— Records from a data collection —
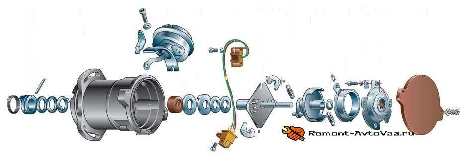 Корректировка осуществляется двумя регуляторами – вакуумным и центробежным, входящими в конструкцию датчика момента образования искры.
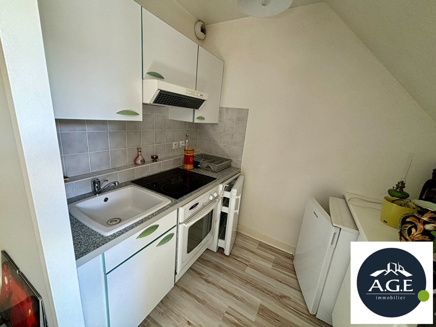 Entrée , salon/séjour avec coin cuisine aménagée et équipée , une salle de bains avec WC.
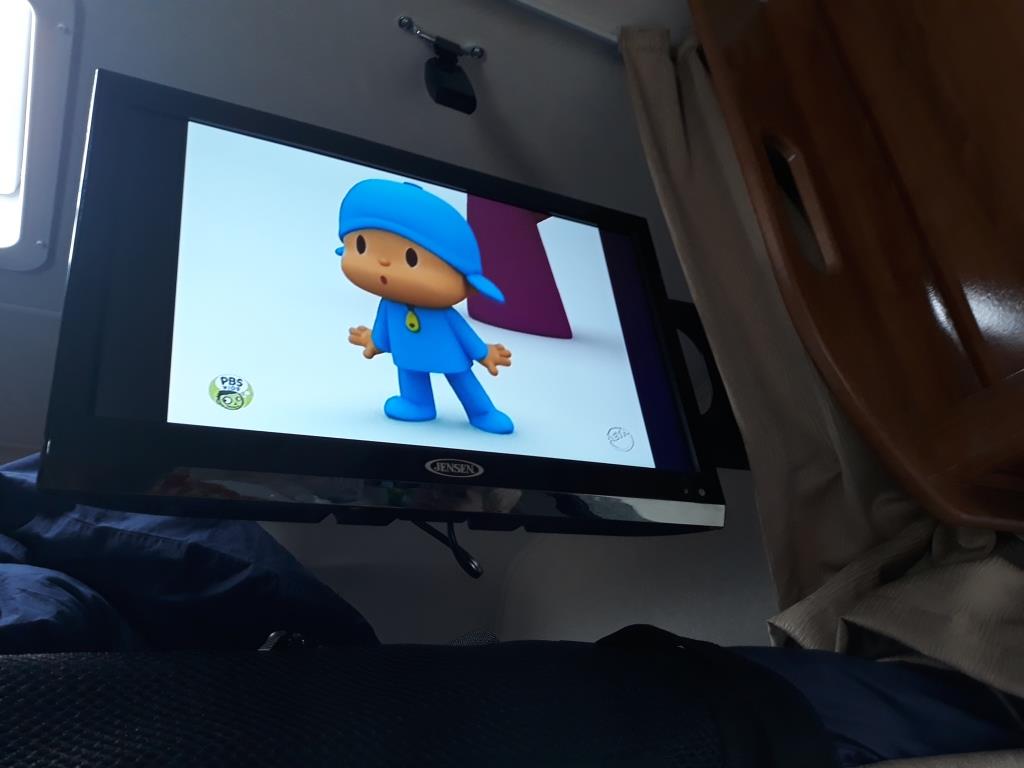 Heute Nachmittag hatte ich es mal spontan probiert mit dem Fernseher und quasi sofort nach dem Einschalten und Suchlauf an die 40 Sender auf den Fernsehschirm bekommen! Das ist mal allerdings proud american! Auch jetzt klappt das Fernsehprogramm sofort tadellos. Spannend wird sein, was von dem Angebot noch übrig ist, wenn wir später mal mitten in der Pampa stehen. Für den Moment aber freuen sich die Jungs über ein paar Cartoons, die zwar natürlich in englischer Sprache ausgeführt sind, aber für Cartoons braucht man nicht wirklich ein Sprachverständnis. Wenn der Zeichentrickkatze der Zwei- Zentner Amboss auf den Fuß fällt, ist das in jeder Sprache witzig! 😉
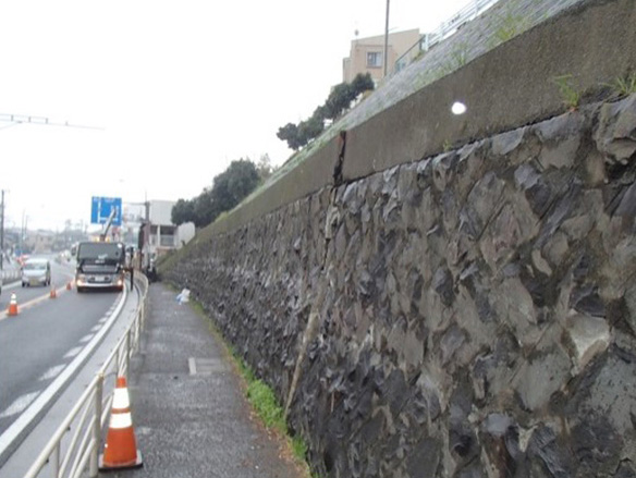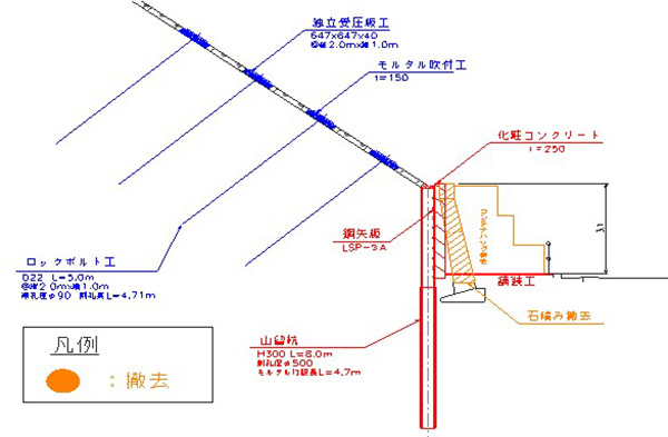 淡中 2年前に、国道1号二宮地区でのり面のブロックが下部の石積みを押して、石積みにひび割れが発生しました。応急対策として、平成27年3月に大型土のう282袋による石積み補強を行い、6月には最も安全度の低い6箇所をロックボルトで補強しました。のり面の安定をはかる本対策として、同年9月から12月にのり面上にモルタル吹付け、ロックボルト工(330箇所)を行い、のり尻部に土留工として山留杭(H-300@1.5m、L=8m)の打設を行うとともに、鋼矢板にて土留を行い、前面に化粧コンクリートを打設しました。
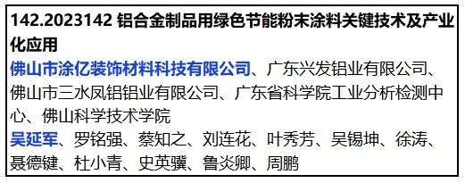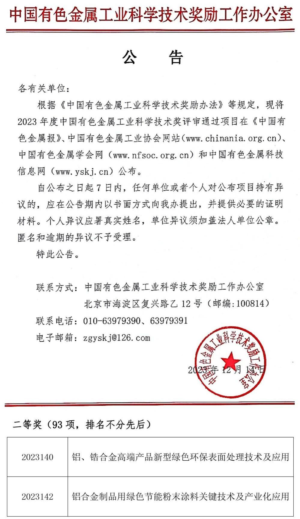 近日,中國有色金屬工業(yè)科學(xué)技術(shù)獎勵工作辦公室發(fā)布2023年度中國有色金屬工業(yè)科學(xué)技術(shù)獎評審?fù)ㄟ^項目公告,佛山市涂億裝飾材料科技有限公司(下稱“涂億”)主導(dǎo)的《鋁合金制品用綠色節(jié)能粉末涂料關(guān)鍵技術(shù)及產(chǎn)業(yè)化應(yīng)用》獲評2023年中國有色金屬工業(yè)科學(xué)技術(shù)獎二等獎。
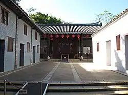 The Yamen (衙府) is located in the centre of the Park and is the only remaining old Qing building. It was built in 1847; its interior was dominated by the offices of the Commodore of the Dapeng Brigade (大鵬協府) and the Kowloon Assistant Military Inspectorate (九龍巡檢司衙署). It was designed with three rows and four wings of houses. Its walls and column bases are built from bricks and granite, while the roof is a traditional structure covered with cylindrical and flat tiles. After 1899 the Yamen was used for charitable purposes, like housing elderly. It is now officially classified as a declared monument in Hong Kong. Six exhibition rooms are housed inside.[7]
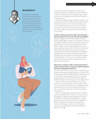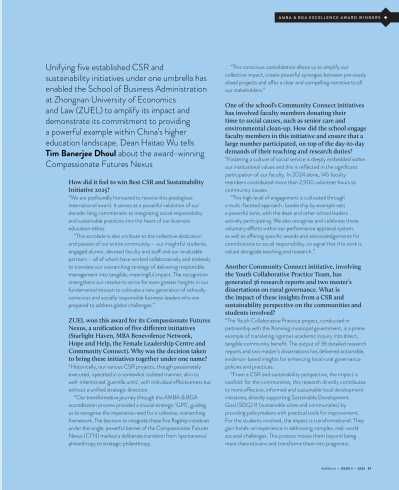 AMBA&BGA全球商科卓越奖由国际学术界与业界精英联合评审,以标准严苛著称。学院此次获奖,意味着我院在责任管理教育领域的实践,已从“本土化探索”迈向“全球化认可”,成为全球商科院校参考的重要样本。而《AMBA Ambition》是英国工商管理硕士协会(The Association of MBAs,简称AMBA)的旗舰杂志,以其对责任管理、数字化转型、领导力培养、可持续创新等前沿议题的深度探讨,成为全球商科教育的趋势风向标。
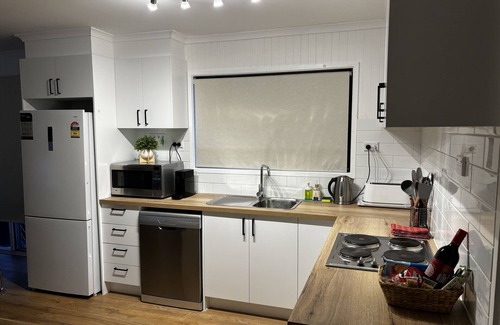 The kitchen is fully appointed with all of the creature comforts and equipped with cooking utensils, crockery, cutlery, tea towels, full-sized microwave, coffee pod machine with an assortment of coffee pods for all tastes, toaster, kettle, sandwich maker, full size fridge, dishwasher, electric oven and stove top.
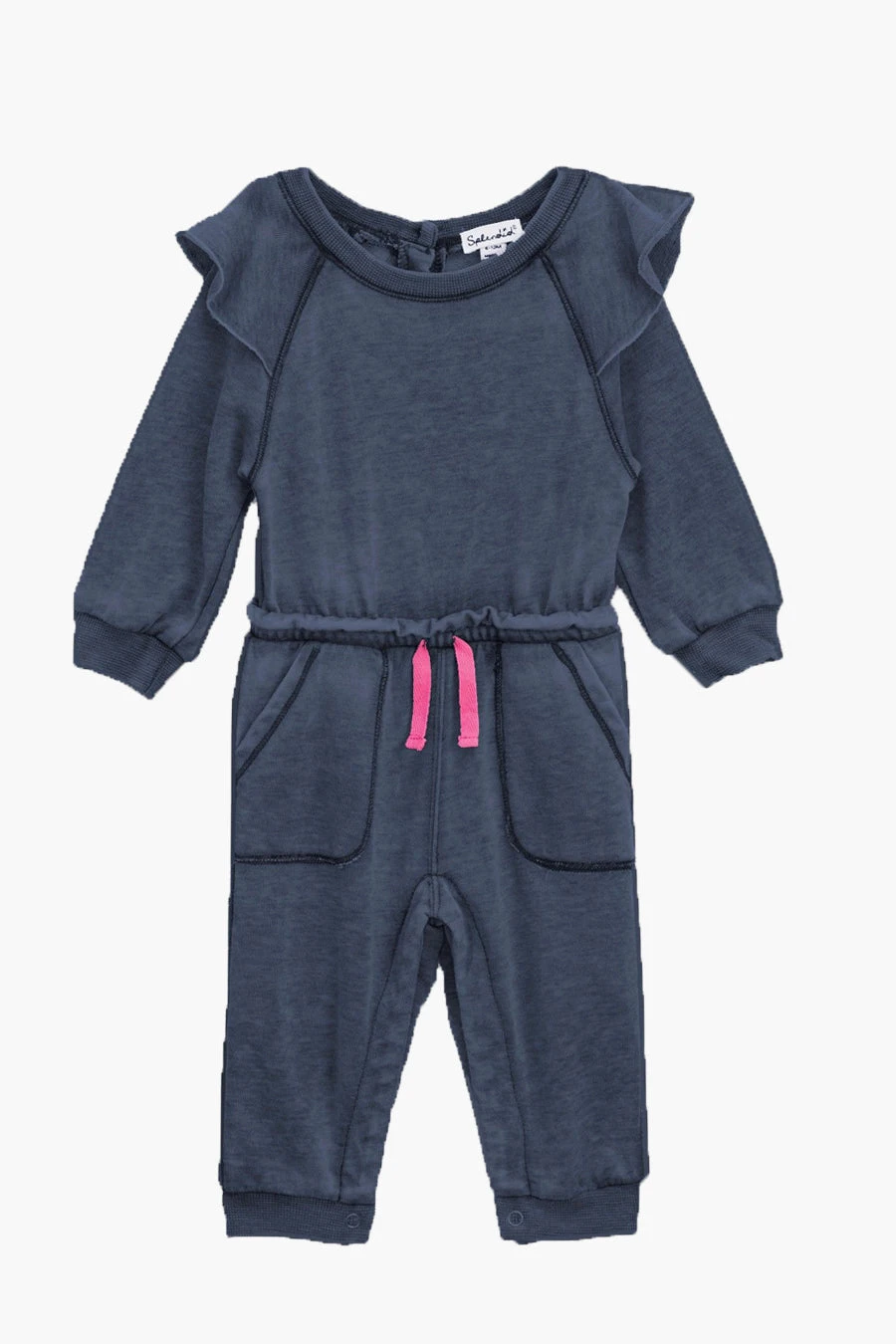 Jumpsuit is a sweet baby girls jumpsuit featuring shoulder ruffles, an elastic waistband for comfort and snaps along the inseam and back for easy wear. 60% cotton, 40% jersey, machine wash.

— REQUIRED WORK —
The lines from the top of the data above through the one holding "Entrée , salon/séjour" are to be repeated exactly, and only those, with no pictures.

— ANSWER BOX —
 Корректировка осуществляется двумя регуляторами – вакуумным и центробежным, входящими в конструкцию датчика момента образования искры.
 Entrée , salon/séjour avec coin cuisine aménagée et équipée , une salle de bains avec WC.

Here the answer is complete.